About this task
The answer is the exact run of lines in the listing below from the line containing "Woudin persoonallinen pyöreä" up to and including the line containing "Palairos harbour- Tioram", with pictures removed.

Data shown

== Segment start ==

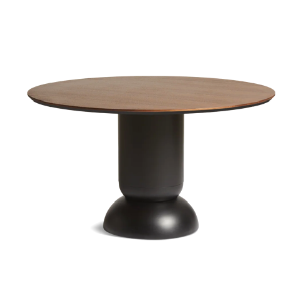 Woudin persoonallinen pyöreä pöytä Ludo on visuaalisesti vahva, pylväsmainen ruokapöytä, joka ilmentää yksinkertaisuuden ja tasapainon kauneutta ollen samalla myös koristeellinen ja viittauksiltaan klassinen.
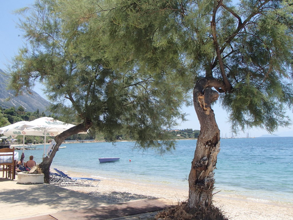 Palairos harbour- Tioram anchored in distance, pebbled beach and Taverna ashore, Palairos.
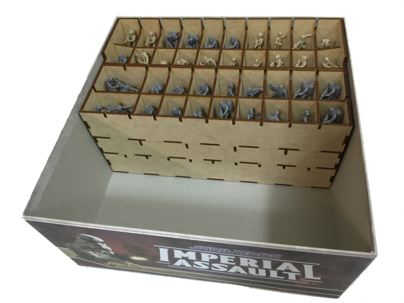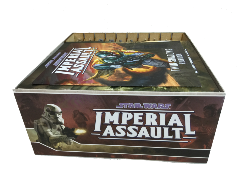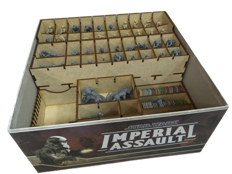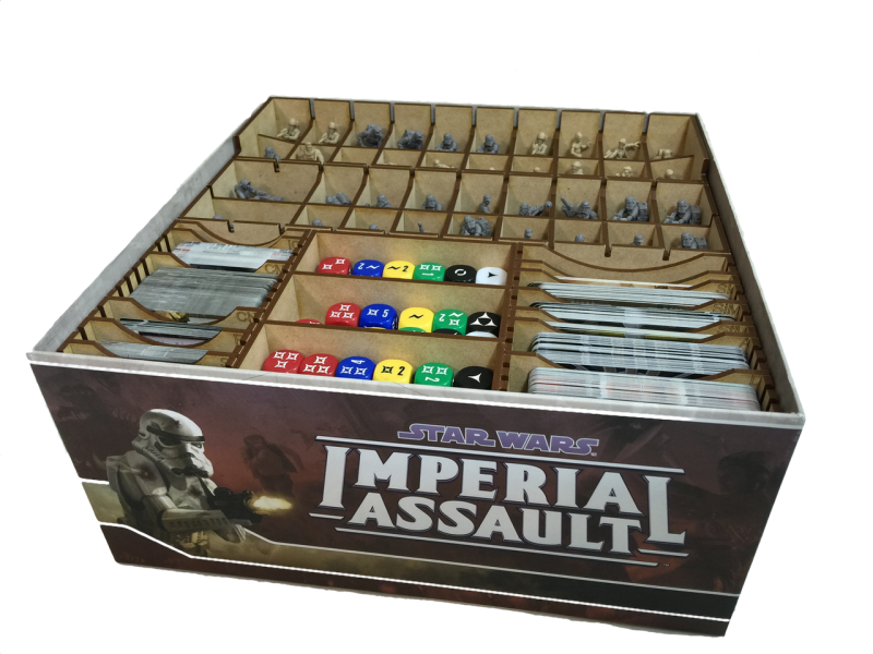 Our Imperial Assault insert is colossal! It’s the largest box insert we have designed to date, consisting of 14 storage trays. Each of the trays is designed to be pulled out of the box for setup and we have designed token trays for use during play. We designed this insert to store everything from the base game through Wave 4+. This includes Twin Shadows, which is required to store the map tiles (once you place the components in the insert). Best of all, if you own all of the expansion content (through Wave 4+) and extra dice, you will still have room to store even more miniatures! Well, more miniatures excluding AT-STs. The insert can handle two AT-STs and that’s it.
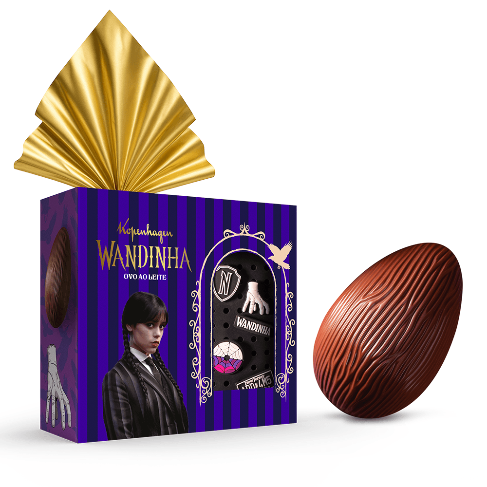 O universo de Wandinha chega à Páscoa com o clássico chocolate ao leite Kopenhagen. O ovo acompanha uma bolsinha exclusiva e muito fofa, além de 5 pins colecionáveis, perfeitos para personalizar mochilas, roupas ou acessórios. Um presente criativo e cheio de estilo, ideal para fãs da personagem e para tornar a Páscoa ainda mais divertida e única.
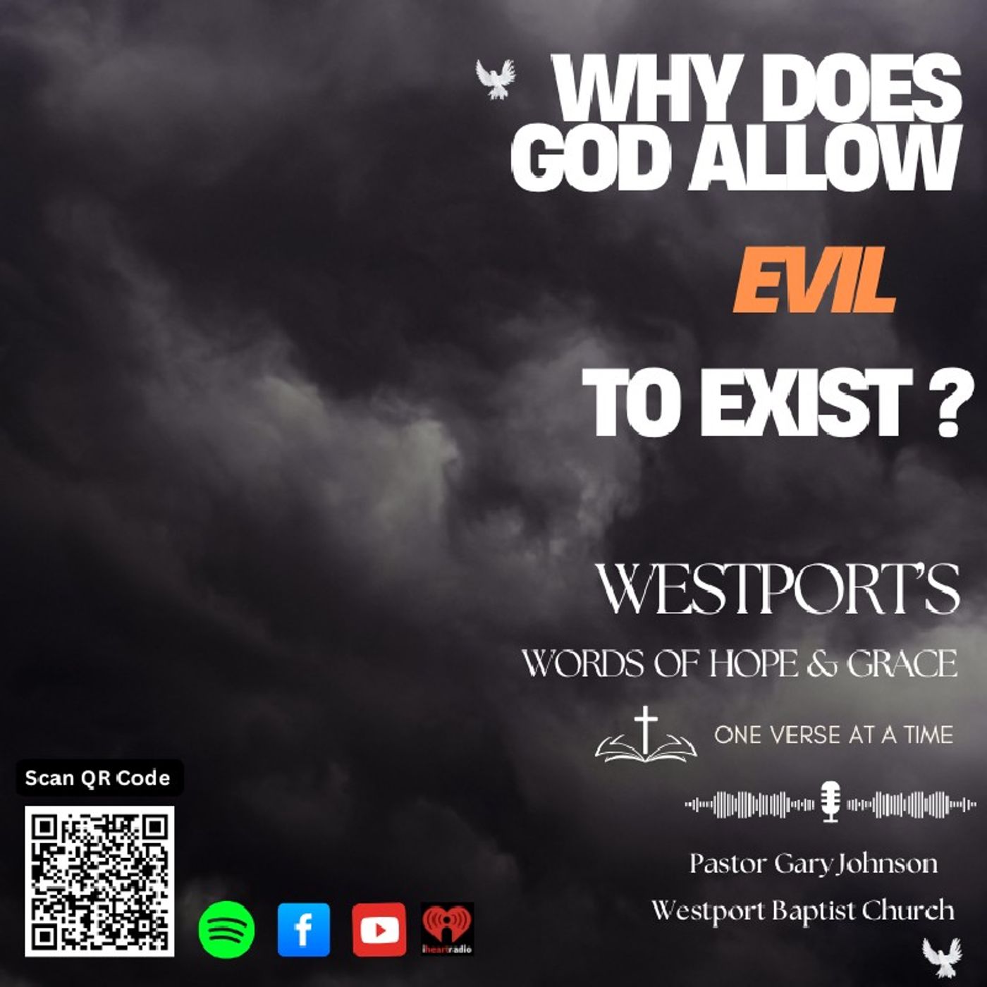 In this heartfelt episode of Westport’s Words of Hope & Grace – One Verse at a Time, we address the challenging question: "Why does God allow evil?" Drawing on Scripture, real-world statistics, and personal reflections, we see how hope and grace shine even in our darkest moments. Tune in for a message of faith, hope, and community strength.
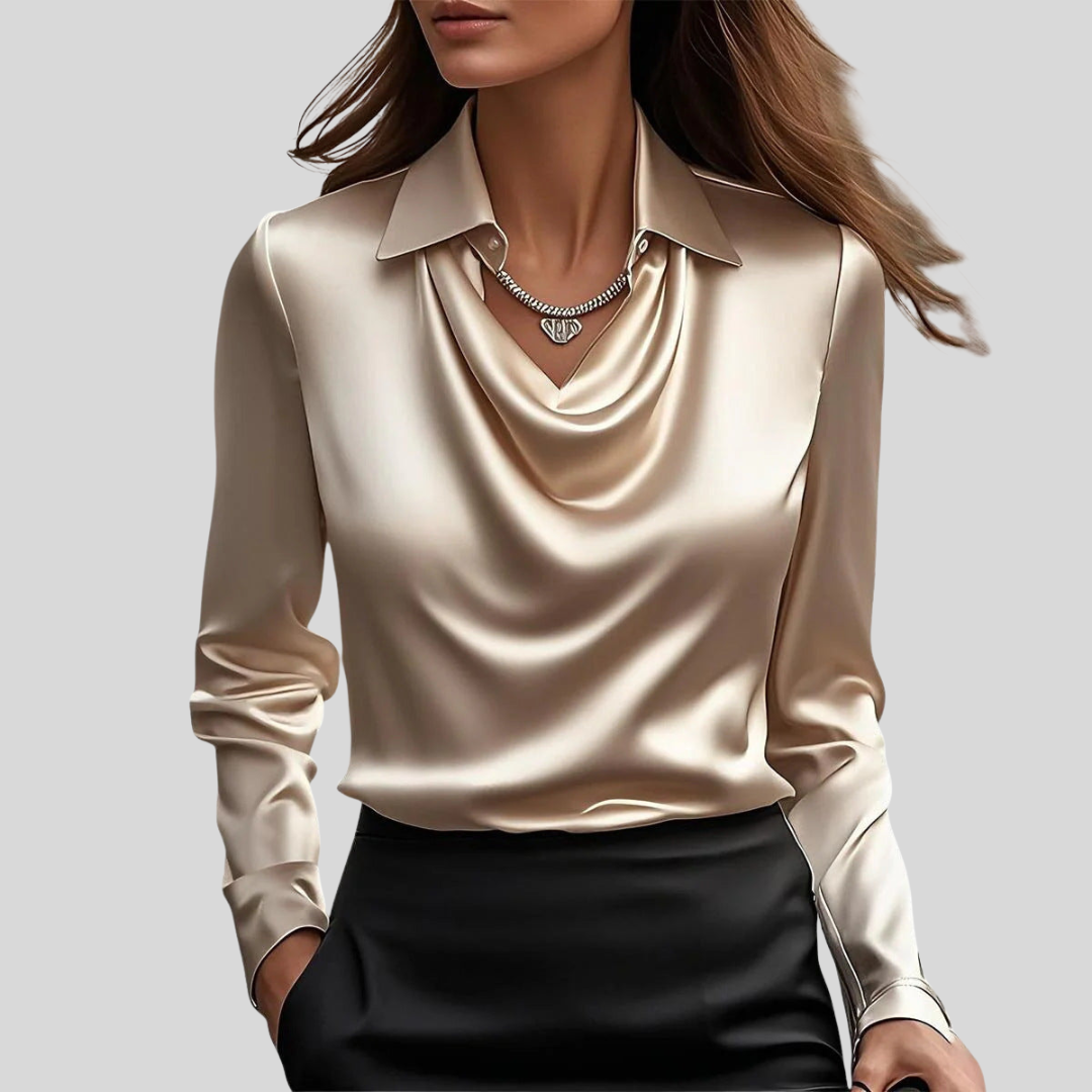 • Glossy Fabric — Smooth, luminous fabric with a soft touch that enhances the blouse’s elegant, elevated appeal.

== Segment end ==
== Segment start ==

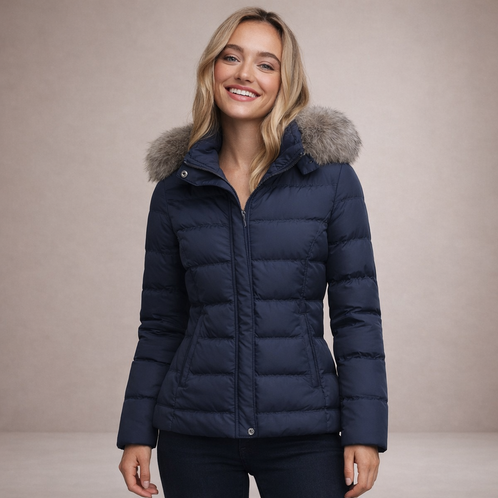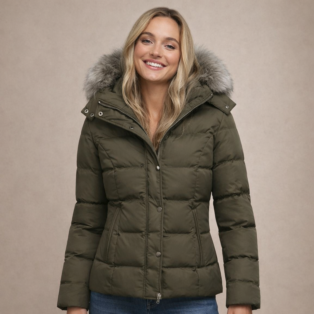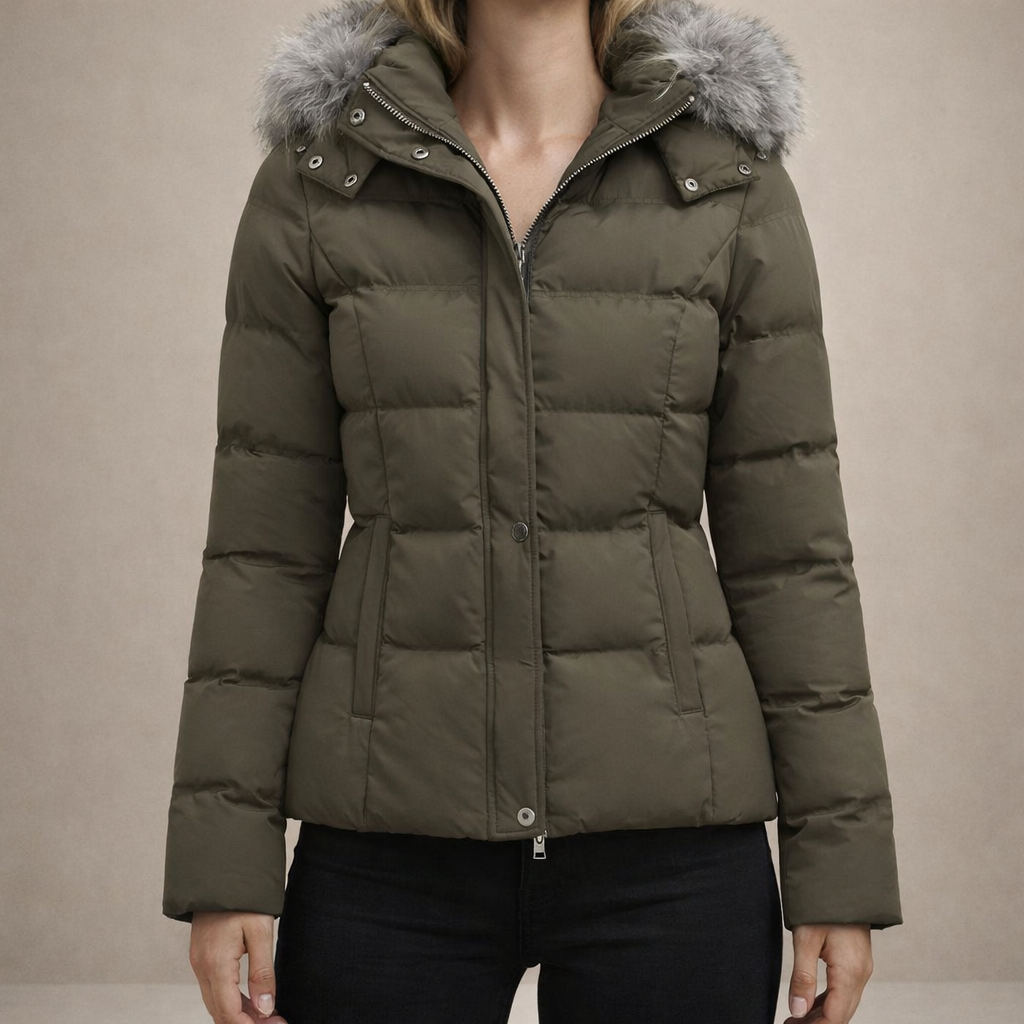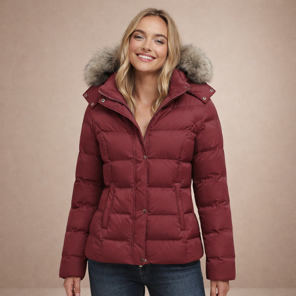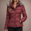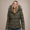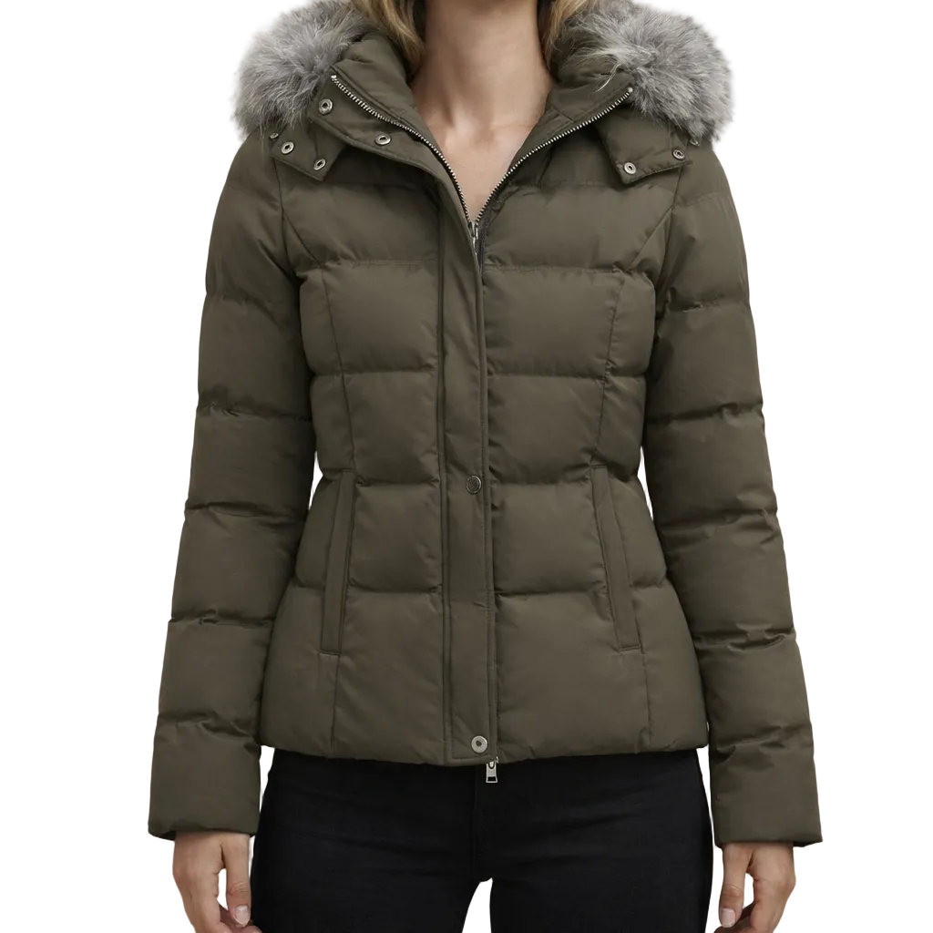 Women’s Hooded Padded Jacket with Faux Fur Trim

== Segment end ==
== Segment start ==

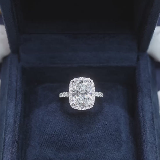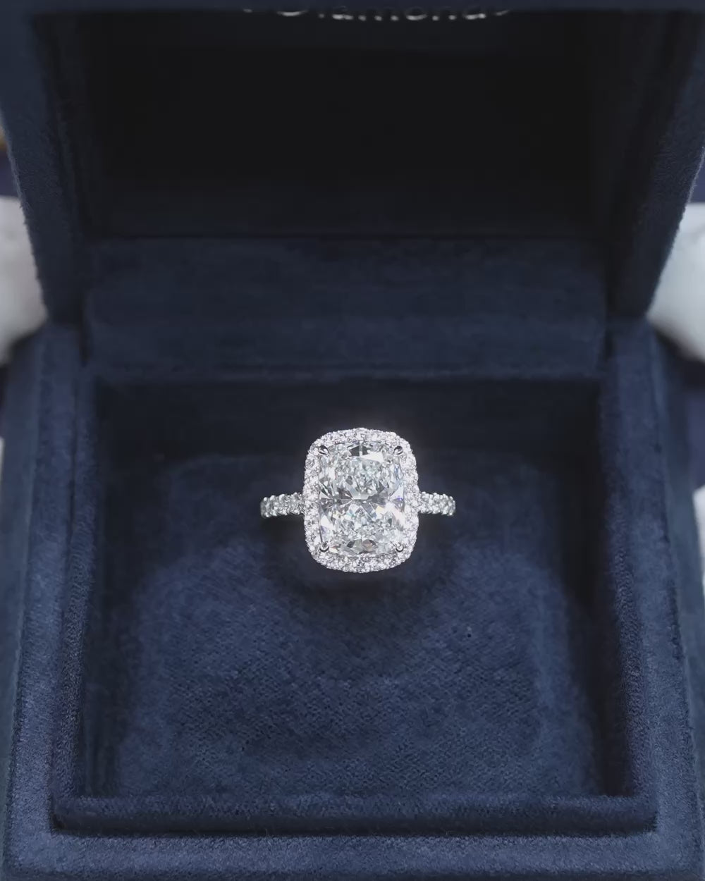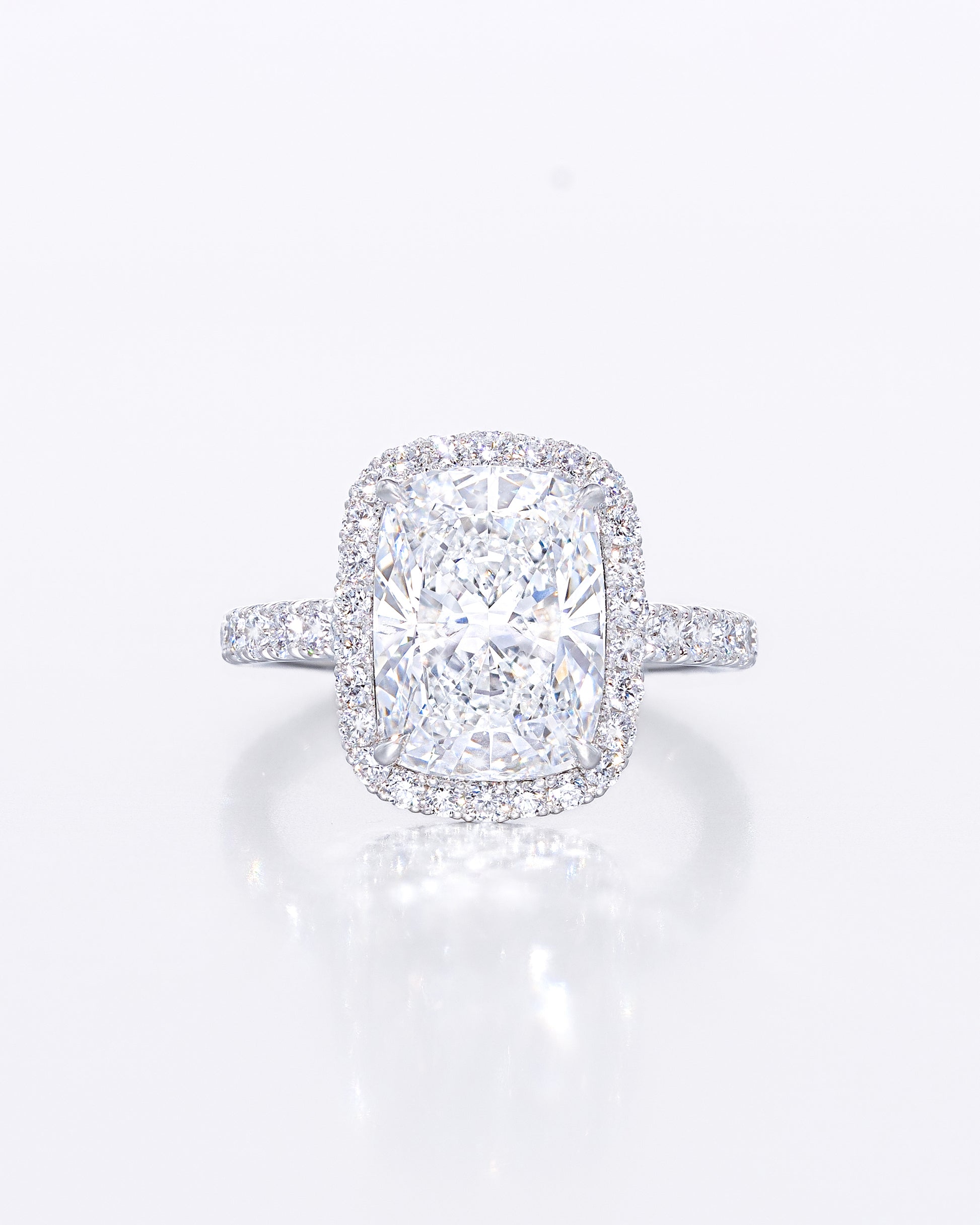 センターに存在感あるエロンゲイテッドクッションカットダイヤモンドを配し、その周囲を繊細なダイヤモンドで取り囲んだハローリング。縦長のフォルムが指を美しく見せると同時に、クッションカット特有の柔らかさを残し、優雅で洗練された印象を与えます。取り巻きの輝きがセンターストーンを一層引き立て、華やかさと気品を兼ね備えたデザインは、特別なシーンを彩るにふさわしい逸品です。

== Segment end ==

Expected output
 Woudin persoonallinen pyöreä pöytä Ludo on visuaalisesti vahva, pylväsmainen ruokapöytä, joka ilmentää yksinkertaisuuden ja tasapainon kauneutta ollen samalla myös koristeellinen ja viittauksiltaan klassinen.
 Palairos harbour- Tioram anchored in distance, pebbled beach and Taverna ashore, Palairos.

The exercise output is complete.